I’m so depressed. My wife is disabled and relies on me for everything. She can’t drive, she can’t work, she can’t make money and I, of course, don’t blame her for any of this. But I feel like a failure every time I can’t provide for her. I get so down over this, and I don’t know what to do. I can’t tell her this and make her feel bad about something she can’t control.
For any relationship to work there has to be clear and honest communication. You have to tell your wife how you feel and how you’re coping with being the only source of income as well as being her caregiver. The conversation will be hard, but it has to be had. Your wife has to know how you feel! And although you carry the financial burden alone, mentally and emotionally you can share your ‘burdens’ with your wife, that’s how it’s supposed to be.
And you shouldn’t feel bad about not being able to afford certain material items. It’s okay, you have so much abundance surrounding you already! You’re healthy, you have a steady, dedicated income, your wife loves you and you love her. It’s okay that you aren’t able to afford everything you desire, and it in no way makes you a failure!

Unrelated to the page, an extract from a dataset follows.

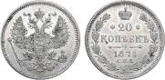 Completed and current offers coin 20 kopecks 1871 year СПБ-HI at numismatic auctions. Silver. Eagle of 1874-1881. Sales are recorded at public numismatic auctions around the world. The sale price is indicated without taking into account the auction commission.
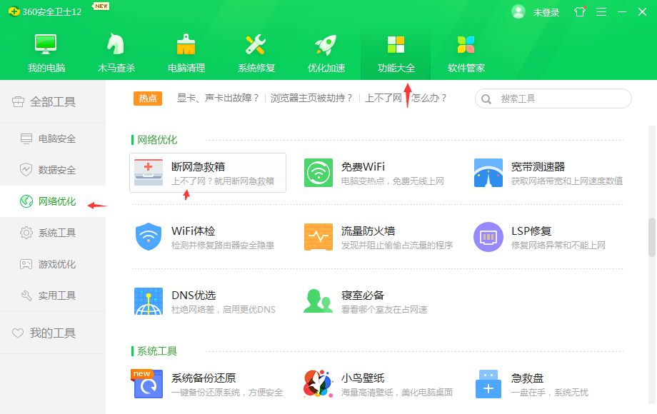 1、下载安装360安全卫士,在360安全卫士中找到功能大全 - 网络优化 - 断网急救箱并打开。

As I’ve said, you have to speak to your wife about how you feel. You have so much pressure on you, pressure I believe can be alleviated if you just spoke to your wife. And since I haven’t already said it yet, you aren’t a bad person for feeling the way that you do. You have so much responsibility, and you have a being that depends on you for everything, so of course, you’re overwhelmed and blame yourself when you feel that you don’t measure up to the standards you believe your wife deserves. But don’t blame yourself, you’re doing the best you know how and your best is GREAT. Talk to your wife, tell her how you feel and go from there. I believe you two can come through this stronger than ever. Good luck.